You'll wish you'd made more !  :biggrin:


----------



## pc farmer (Jan 4, 2015)

WaterinHoleBrew said:


> You'll wish you'd made more !  :biggrin:



More will be made very soon.   I have abunch of casings to use.


----------



## crankybuzzard (Jan 4, 2015)

Always make sure you have casings in the frig, you never know when you'll get the urge to make that new recipe you've come up with!

Overall, I'd say you've found a new specialty, great work for a first go!


----------



## pc farmer (Jan 4, 2015)

Thanks cb,  I bought enough for 100 lbs.     I have some in the fridge now.     Lol


----------



## smokinvegasbaby (Jan 4, 2015)

c farmer said:


> With alot of help for many people on the forum mainly boykjo and sam3, I think I did well.
> 
> Got this seasoning from another person.
> 
> ...


WOW Adam those look great!  Can't wait to see your smoke pics tomorrow.....


----------



## pc farmer (Jan 4, 2015)

SmokinVegasBaby said:


> WOW Adam those look great!  Can't wait to see your smoke pics tomorrow.....



Lol   Tomorrow was today.


----------



## smokinvegasbaby (Jan 4, 2015)

c farmer said:


> Lol Tomorrow was today.


I bet they were good right....... how long did you smoke them??


----------



## pc farmer (Jan 4, 2015)

The finished pics are up.   I smoked for 7 hours.


----------



## smokinvegasbaby (Jan 4, 2015)

c farmer said:


> The finished pics are up.
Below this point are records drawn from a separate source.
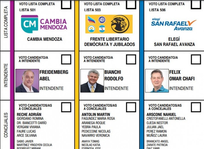 En cada uno de estos lugares, donde ya tuvieron elecciones primarias el 30 de abril, se elegirá al intendente y la mitad de los concejales. En dos de ellos, San Rafael y Maipú, se disputarán 6 de los 12 puestos para concejales.
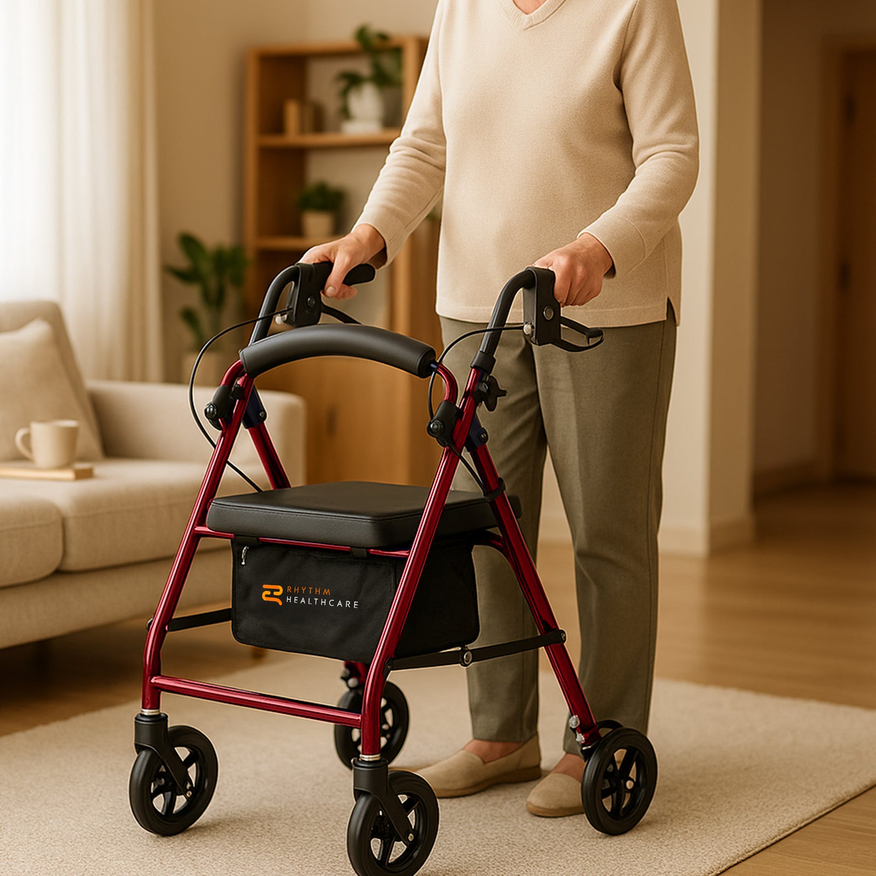 Rhythm Healthcare is dedicated to providing trusted solutions for mobility, crafted to bring independence and comfort to daily living. The Royal Aluminum 4 Wheel Rollator embodies this commitment by offering practical design features, dependable construction, and user-focused innovation for seniors and caregivers alike.
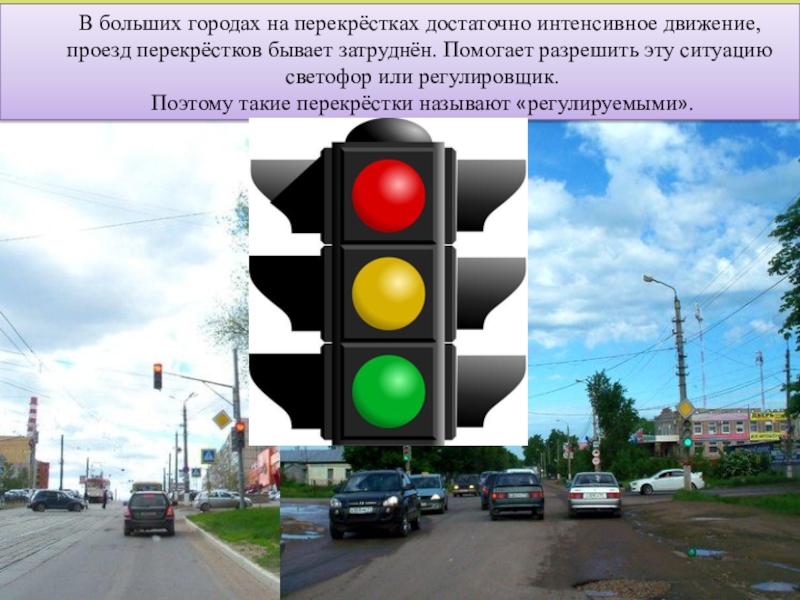 Слайд 12В больших городах на перекрёстках достаточно интенсивное движение,
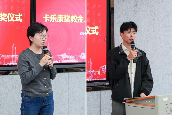 药剂系刘莉莎老师代表获奖教师感谢卡乐康及公司对其科研和教学的支持与帮助,表示将继续通过科研反哺教学,用科研成果育人,为太阳集团tyc151人才培养工作贡献力量。太阳集团tyc1512021级药物制剂专业本科生李振海同学作为获奖员工代表发言,他代表获奖员工向卡乐康公司表达了诚挚的感谢,表示未来将会继续积极探寻自身价值,以满腔的热情和坚定的信念投身于祖国的医药事业,在祖国的医药事业中发光发热。

I smoked for 7 hours.


wow........... I just checked out your finished pics.  your sausage looks amazing.  now you're hooked like the rest of us sausage junkies lol......where did you get that spice mix?


----------



## pc farmer (Jan 4, 2015)

Thanks.   Yes I am hooked.


----------



## voodoochile (Jan 4, 2015)

the same company also offers a "bacon cheeseburger " brat mix . I have that one as well . I'll be making deer salami ,deer burger,and brats during the next few weekends


----------



## pc farmer (Jan 4, 2015)

How is the cheeze burger one?


----------



## sam3 (Jan 5, 2015)

I would say you nailed it Adam. Nice job.


----------



## pc farmer (Jan 5, 2015)

sam3 said:


> I would say you nailed it Adam. Nice job.


Thanks Sam


----------



## themule69 (Jan 5, 2015)

That is some fine looking sausage. It looks like the perfect lean to fat ratio.

Happy smoken.

David


----------



## mossymo (Jan 5, 2015)

Your brats look excellent Adam, nice work and glad you enjoy the flavor! :thumbsup:


----------



## pc farmer (Jan 5, 2015)

themule69 said:


> That is some fine looking sausage. It looks like the perfect lean to fat ratio.
> Happy smoken.
> David




Thanks David.   I just 80/20 beef and butcher shop sausage.



MossyMO said:


> Your brats look excellent Adam, nice work and glad you enjoy the flavor! :thumbsup:



Thamks man.   You have a great season there.  Cant wait to try more.


----------



## pc farmer (Jan 5, 2015)

Cooked some up for supper and the casing had that perfect pop to it.

Wife said she wont be able to eat store bought anymore.


----------



## boykjo (Jan 5, 2015)

c farmer said:


> Cooked some up for supper and the casing had that perfect pop to it.
> 
> Wife said she wont be able to eat store bought anymore.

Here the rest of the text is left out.